Now there were some other kids in our school who played AD&D. They read game novels and went on and on about the Companions of the Lance and Elminster and Drizzt and shit — stuff I was vaguely aware of because I often got to buy Dragon magazine at the FLGS (o halcyon days!). We played a bit of 2e with these guys, but very little; the bulk of our D&D experience was RC.

A few years later, when I was in college, I got into oWoD LARPing (don't ask) for a short time, met a great crowd of enthusiastic gamers (also game novel readers) and as the LARP fizzled we got a regular and pretty epic AD&D 2e game. It lasted for two years and was fairly railroaderrific and definitely a "heroic fantasy" thing (even if my character sat squarely at the roguish threshold of "heroic").
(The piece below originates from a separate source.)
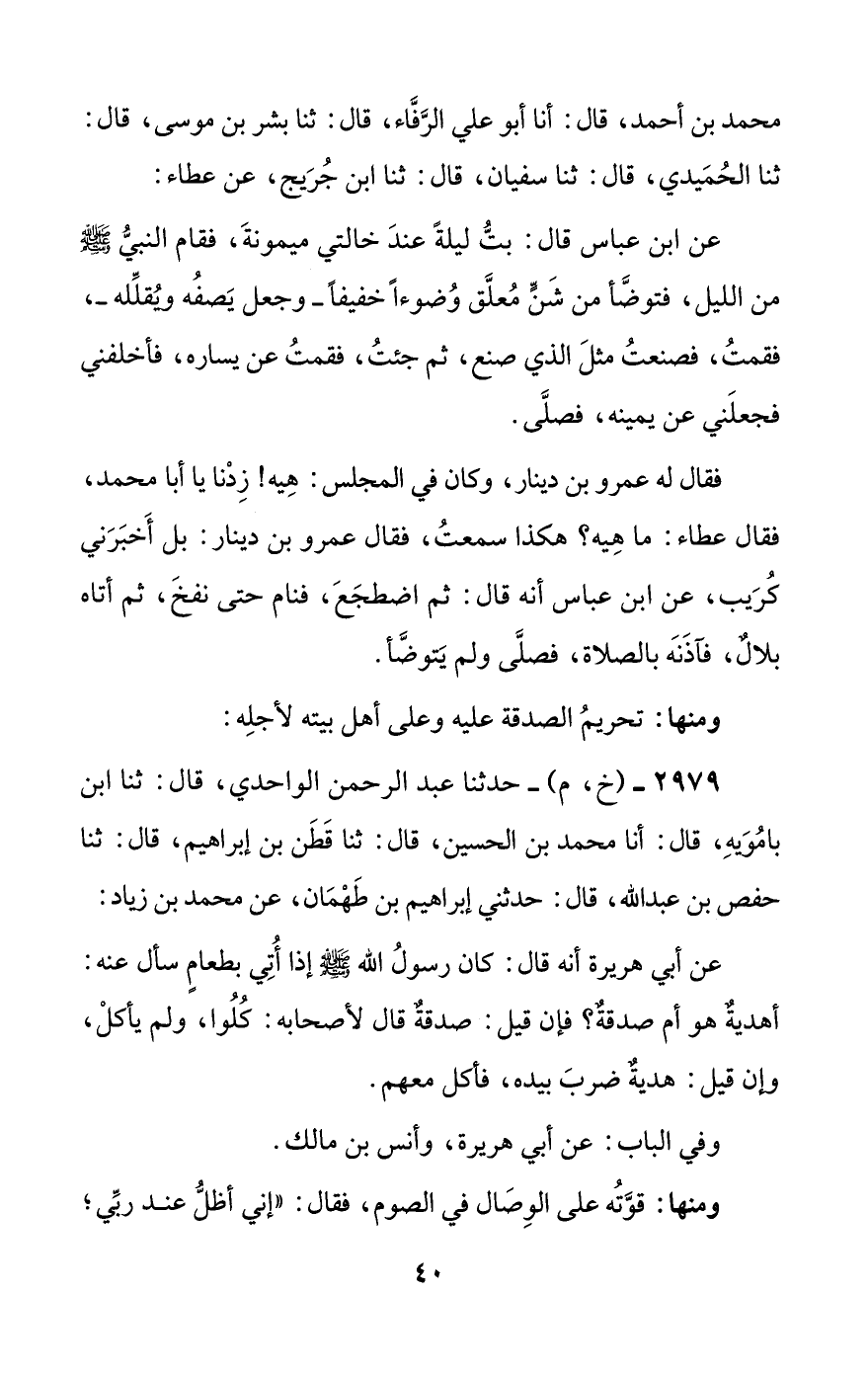 2979 - (خ، م) - حدثنا عبد الرحمن الواحدي، قال: ثنا ابن بامويه، قال: أنا محمد بن الحسين، قال: ثنا قطن بن إبراهيم، قال: ثنا حفص بن عبد الله، قال: حدثني إبراهيم بن طهمان، عن محمد بن زياد:

What I gleaned from those two groups is that their AD&D 2e-powered take on D&D, as opposed to my own D&D RC-based games, was more scripted, more "global" (i.e. more "save the world" stuff), more "high fantasy" and more likely to use a published setting or module. Also, I thought it was pretty weak that AD&D had so much cool stuff (race + class, spells, monsters, magic items, insanely awesome settings I knew very little about but loved the covers), and got the lion's share of supplemental material in Dragon, but had no systems for cool stuff like rulership, or mass combat, or building a flying ship.

Omega

I do agree there seemed a shift to more wilderness and non-dungeon style adventures. Which was actually a nice change of pace from the often more dungeon-centric older modules. Possibly that was a outgrowth of there being so many and writers wanting to try something different. Or inspired by the few that came before like Isle of Dread.